History Repeating Itself

Tommy McKearney writing for Socialist Voice characterises the Stormont regime as a byword for banality and ridicule.

How often have we heard the phrase from Marx’s Eighteenth Brumaire of Louis Bonaparte, that history repeats itself, “first as tragedy, then as farce”? That the axiom is overused is hardly surprising, as it has been proved accurate so often, and rarely more so than when applied to the present administration in Stormont.

Once we were afflicted with an uncompromising Unionist regime that governed the Six Counties with scant regard for democracy, creating misery for many.
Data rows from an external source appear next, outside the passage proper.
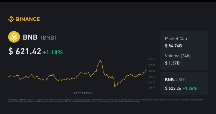 📈 Azione di prezzo live di BNB oggi: prezzo intorno a ~$610–$630 USD con movimenti intraday in quell'intervallo (24h minimo ~$605, massimo ~$629). �
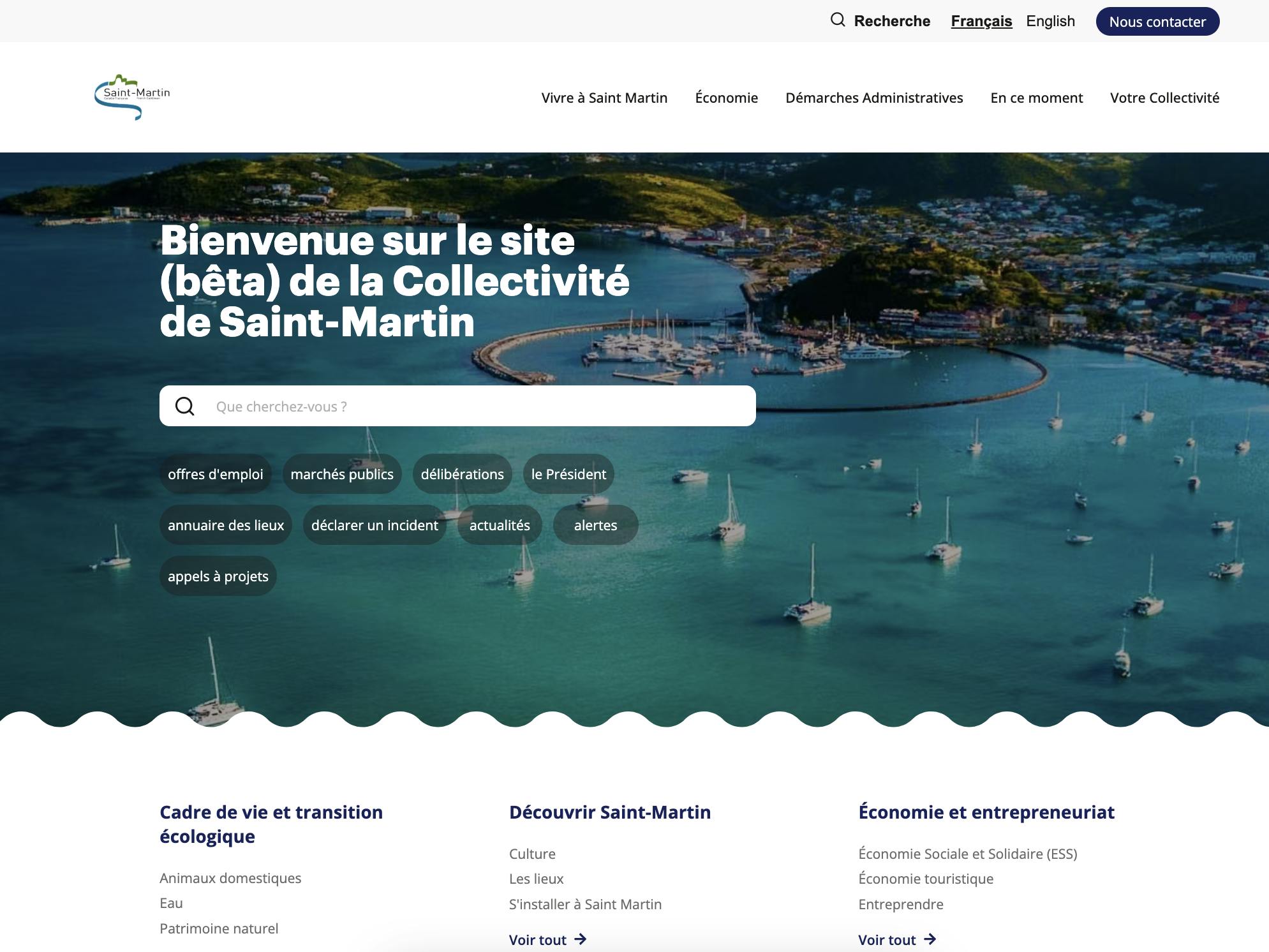 www.comstmartin.frWebsiteFor the Collectivity of Saint-Martin, we designed a structured institutional website and a secure citizen portal, simplifying online procedures, access to key information, and intuitive navigation through territorial co-design collaboration.
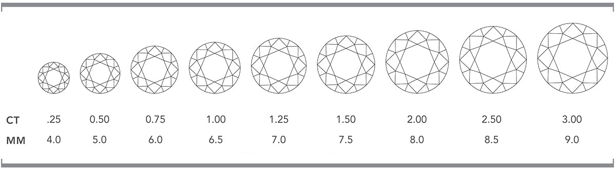 For diamonds under one carat, each carat is divided into 100 points. E.g. 0.75ct = 75 points and ¼ ct = 25 points.

In its place we now have an administration that appears intent instead on making itself a byword for banality and ridicule. 

The Lords Craig and Brookeborough must be turning in their marble tombs with the state they created now home to what might charitably be described as a political circus. For pure farce it would be difficult to outdo the most recent brouhaha following revelations that a Sinn Féin MLA had coached a young flag-waving loyalist, Jamie Bryson, before he gave evidence at a committee hearing investigating the NAMA scandal. 

The only redeeming feature of the affair was the MLA’s immediate and exemplary resignation when he was found to have transgressed—an act of integrity almost unprecedented in Northern political life, where a mule-headed refusal to accept blame for any misconduct is more often the norm. 

As well as the titillation provided by the Namagate coaching scandal, Stormont’s second coming contributes daily to the surrealism that surrounds Assembly business, indicating that it is more about optics than substance. Deprived of overall or full authority, in large part because of the absence of fiscal control, the Assembly—or the Executive at any rate—is now striving to maintain its existence at all costs, often paying less attention to living conditions for its electorate than to its own fortunes. 

One result of this is that the two main parties have agreed on a curious modus vivendi that provides for a distinctly Northern version of bicameralism. But instead of having two chambers, Stormont has in effect two arenas: one for designated areas of public disagreement and the other providing an underlying consensus on economic policy.

Readers of this paper hardly need reminding of the often-reported areas of disagreement in the North. Less obvious, perhaps, is the extent to which a neo-liberal consensus underpinning the political institutions has led to a virtual policy convergence on economic matters.

Just how close the two main parties are in these matters was shown recently in a joint letter from the first minster, Arlene Foster, and deputy first minister, Martin McGuinness, to the British prime minister, Theresa May.¹ In spite of angry denials, the first minster had apparently performed a dramatic U-turn in relation to the European Union. Notwithstanding her enthusiastic support (and that of her party) for the Brexit campaign to leave the EU, Foster has, in the letter to Downing Street, shifted her position on the EU to one that appears not unlike that of Sinn Féin. The extent of her about-turn is evidenced by no less than four references in the letter to the benefits supposedly accruing to Northern Ireland from membership of the EU.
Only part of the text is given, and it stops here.